» Problem statement: The expected copy holds every entry exactly and none of the pictures.

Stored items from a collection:
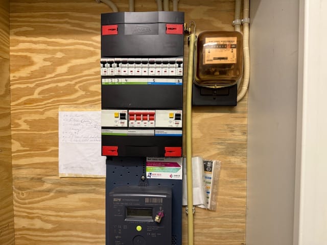- meterkast met 4 lichtgroepen, 1 krachtgroep en 2 aardlekschakelaars.
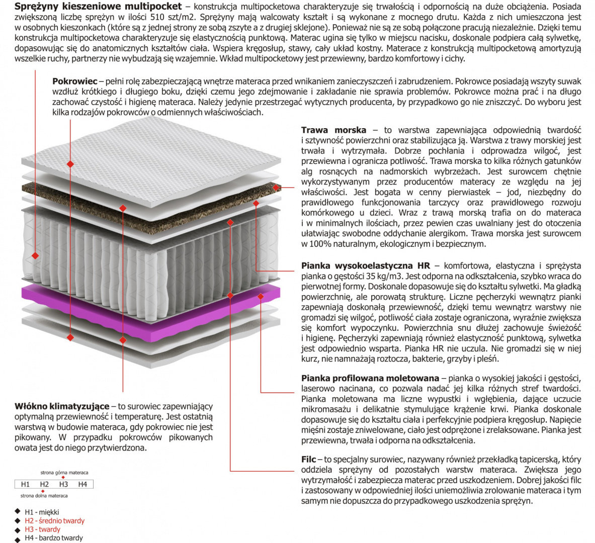 Twardość H2 - materac jest średnio twardy
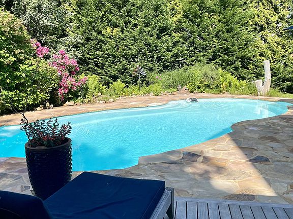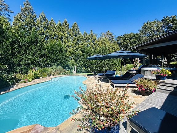 "Near North Haven" and squarely just off the circle, is a rare pre-existing compound. ~5500 SF heated volume includes the newer Main House, a free form, heated saltwater pool, a detached 973 SF workshop/ studio/ office; ~600 SF heated attached garage; an additional 200 SF detached garage, and a somewhat famous meteor of 80,000 lbs. where the blueberry bushes were. The Main House was built circa 1998, perfected & solid, including thicker than normal fireproof sheetrock which also helps with soundproofing. Includes 4/5 Bedrooms, 3.5 Baths; a copper kitchen with a center island ideal for your cooking show year round next to the living room with proper fireplace. There's also a den, a formal dining room and that's just the first floor...wired for sound too. The full finished lower level has a gym area, game room, with a utility room that hosts 13 zone radiant heated systems soundly in place. The attached 600 SF double garage is also heated because laundry room. Well considered, established landscaping, flowers all season and all well guarded by Peach. The back porches overlooking the pool, BBQs, outdoor shower & gardens have room for everyone. The whole compound is just over the bridge from Sag Harbor Village, and only moments to both Long Beach and the Ferry to Shelter Island.
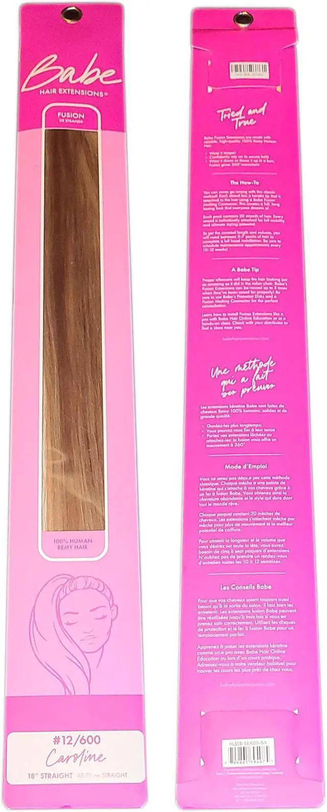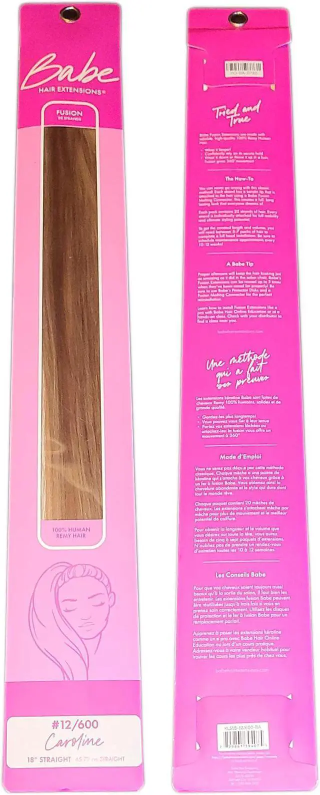 Babe Fusion 18 Inch #12/600 (Caroline) Hair Extensions Straight Colors 20 Pieces Ounce Gram Fusion Hair Extensions look and feel so natural since the extension strand is fused to hair using a keratin bond. Keratin is safe, hair-friendly, and durable. Your hair will have amazing 360-degree movement and youll have no fear of slippage. Fusion extensions are perfect for long-lasting use because they are made of 100% human Remy hair of the finest quality. Each strand comes pre-bonded and ready for use. For removing these extensions use Keratin Bond Remover that softens the bond.
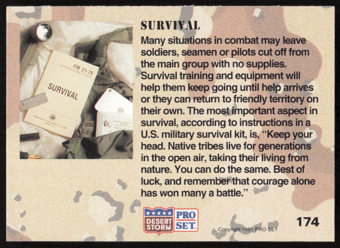 This Military card, from 1991 is part of the Pro Set Desert Storm card set. Survival is featured and has a card number of 174.
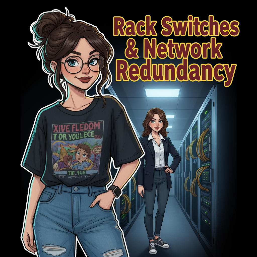 and vintage sneakers, a smartwatch on her wrist; of a woman in professional attire standing confidently in the center of a modern server room. She has medium-length brown hair and wears a white blouse with a dark blazer. The room is well-lit with ambient lighting, featuring organized server racks with glowing network connections and redundant cabling. The text 'Rack Switches & Network Redundancy’ in large, maroon letters with a bright yellow outline is prominently displayed on the wall behind her. The background shows additional server equipment but is not cluttered, maintaining focus on the woman and the reliable infrastructure. The overall atmosphere is professional and technologically advanced, with no explicit nudity or distracting elements.

» Solution for this exercise:
- meterkast met 4 lichtgroepen, 1 krachtgroep en 2 aardlekschakelaars.
 Twardość H2 - materac jest średnio twardy
 "Near North Haven" and squarely just off the circle, is a rare pre-existing compound. ~5500 SF heated volume includes the newer Main House, a free form, heated saltwater pool, a detached 973 SF workshop/ studio/ office; ~600 SF heated attached garage; an additional 200 SF detached garage, and a somewhat famous meteor of 80,000 lbs. where the blueberry bushes were. The Main House was built circa 1998, perfected & solid, including thicker than normal fireproof sheetrock which also helps with soundproofing. Includes 4/5 Bedrooms, 3.5 Baths; a copper kitchen with a center island ideal for your cooking show year round next to the living room with proper fireplace. There's also a den, a formal dining room and that's just the first floor...wired for sound too. The full finished lower level has a gym area, game room, with a utility room that hosts 13 zone radiant heated systems soundly in place. The attached 600 SF double garage is also heated because laundry room. Well considered, established landscaping, flowers all season and all well guarded by Peach. The back porches overlooking the pool, BBQs, outdoor shower & gardens have room for everyone. The whole compound is just over the bridge from Sag Harbor Village, and only moments to both Long Beach and the Ferry to Shelter Island.
 Babe Fusion 18 Inch #12/600 (Caroline) Hair Extensions Straight Colors 20 Pieces Ounce Gram Fusion Hair Extensions look and feel so natural since the extension strand is fused to hair using a keratin bond. Keratin is safe, hair-friendly, and durable. Your hair will have amazing 360-degree movement and youll have no fear of slippage. Fusion extensions are perfect for long-lasting use because they are made of 100% human Remy hair of the finest quality. Each strand comes pre-bonded and ready for use. For removing these extensions use Keratin Bond Remover that softens the bond.
 This Military card, from 1991 is part of the Pro Set Desert Storm card set. Survival is featured and has a card number of 174.
 and vintage sneakers, a smartwatch on her wrist; of a woman in professional attire standing confidently in the center of a modern server room. She has medium-length brown hair and wears a white blouse with a dark blazer. The room is well-lit with ambient lighting, featuring organized server racks with glowing network connections and redundant cabling. The text 'Rack Switches & Network Redundancy’ in large, maroon letters with a bright yellow outline is prominently displayed on the wall behind her. The background shows additional server equipment but is not cluttered, maintaining focus on the woman and the reliable infrastructure. The overall atmosphere is professional and technologically advanced, with no explicit nudity or distracting elements.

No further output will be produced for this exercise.